I have actually long suspected that crime rates are relatively constant -- a certain percentage of people are evil, period.



Some crimes also seem more prevalent because they were largely unreported out of fear or shame, such as child molestation. (I'm sure there have been child molesting clergy at about the same rates since there HAVE been clergy.) Also, "date" rape which is just plain rape, but in the "good old days" girls and women were told such things were their own fault for being some way/dressing some way/drinking/making bad choices in men, etc. -- they brought it on themselves.



I actually *do* agree with Christie that giving personal bits up without cause is wrong. But I just don't get that worked up about body bits. Personally, I get more concerned about the bits that aren't so biological: Data trails of everything I buy, how I pay for it, what I owe on it, etc., etc. To me, the collection, analysis and sale of this information is much more intrusive than an impression of my fingerprints.

Christie Keith

I've been marathoning the show "West Wing" lately, and I remembered this scene, when the President is reconsidering his nominees for the US Supreme Court.



His first choice had written a paper when he was in law school that raised some red flags for the White House, and in attempting to convince the President that he needed to nominate someone else, Sam says to Toby and the President:

In the 20s and 30s it was the role of government. 50s and 60s it was civil rights. The next 20 years it will be about privacy. The Internet.
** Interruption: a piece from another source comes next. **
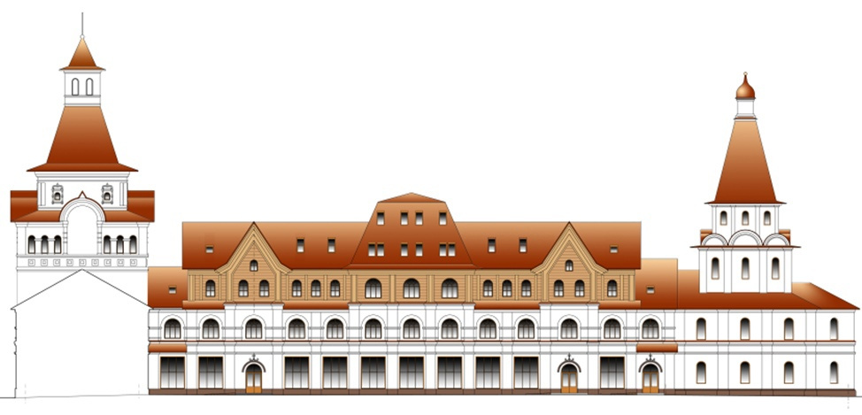 Комплекс будет состоять из двух прямоугольных корпусов, разных по ширине и высоте и соединенных угловой башней с шатровой крышей. На противоположном конце одного корпуса расположена двухэтажная церковь.
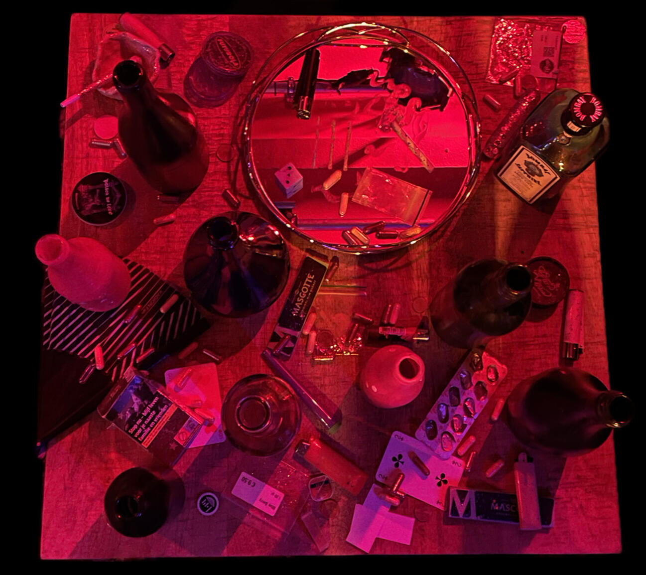Installation with mixed materials including glass bottles, glitter filled pills, lighters ashtrays, lines of glitter, rave fan ect.

Cell phones. Health records. And who's gay and who's not. Besides, in a country born on the will to be free, what could be more fundamental than this?"

Christie Keith

I won't give my zip code when I buy something in a store, either... if they want my data for marketing analysis, they can pay more for it, LOL.



But biometric data -- body bits -- is more "us" legally than our financial or shopping data, and protecting it has to be more of a priority. Because the right to privacy of our own bodies protects our medical rights, our right to control our bodies, our reproductive systems, our DNA -- the abuses are so intensely personal and can paralyze us on a level that is far more profound and fundamental than having what we buy tracked.
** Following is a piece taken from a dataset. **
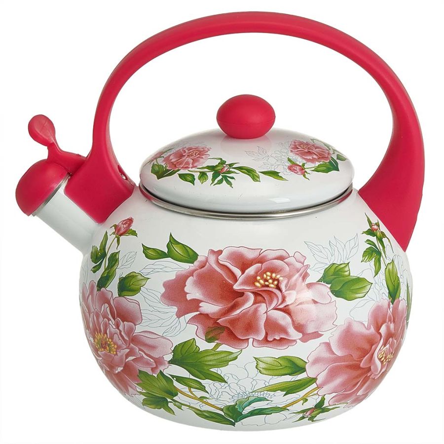 Чайник эм. 2,5л, со свистком, пласт. ручка, индукция "METALLONI "Пионы" (6) @
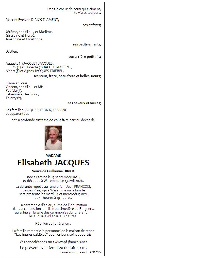 Funérarium Jean FRANCOIS de Waremme le jeudi 16 avril à 11 heures

Now, controlling or tracking what we read becomes about our minds and thoughts and even, I guess, our souls. That is, I think, deeper than even our bodies.



But the fact that it's gotten to the point where we have to consider whether our government can FORCE US to turn over our piss and our blood and our DNA and our fingerprints in the absence of any reasonable cause, or that it should be allowed to become so ubiquitous a practice that it's almost impossible to get a job without surrendering those things, and then PRIORITIZE THAT with whether our innermost thoughts should be probed by a system of tracking what we read... I mean, seriously. Game over.
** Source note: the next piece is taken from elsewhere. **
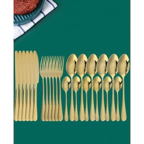 Um faqueiro dourado com 32 peças, ideal para servir até 8 pessoas. Ele possui um design robusto, com linhas retas e detalhes nas pontas dos cabos dos talheres que irá deixar a sua mesa ainda mais sofisticada. Os talheres dourados são fortes e resistentes e o revestimento é com alto padrão de qualidade e durabilidade.

And maybe it is. I don't know. But I know that my piss is mine and my blood is mine and my fingerprints are mine, and if someone wants them, they need to go through due process of law.



And if shelters want volunteers, then they need to find another way to prevent abusers from infiltrating their ranks, one that doesn't abuse our freedoms nor make us feel like criminals.

ericka

finger printed? Wow.



Where I volunteer there is always a 'floating Juvie' who is doing community hours helping clean cages. They also pet and play with the dogs and cats. I have witnessed a 'calmness' which these troubled youth experience when they pet a cat.



Okay, back to the finger printing... who decides people with 'a record' can't help animals. Just this past week, our shelter unveiled a brand new building. Volunteers and all the regular animal advocates in our city came to the grand opening. We helped cut the ribbons and clapped as the parade of dogs walked by to their new kennels.



Guess what? The week before, local inmates were brought in to carry the heavy stuff to the new digs. They did it for many reasons, and you can bet one reason was because helping animals in ANY WAY a person can...feels good.



Last thing...then I can sleep soundly tonight: Most dog profilers do not have experience with the breed they bash. I challenge every one of the Pitbull haters out there to spend 30 minutes with a pit bull, one-on-one, hanging out, and throwing a tennis ball. Then comment.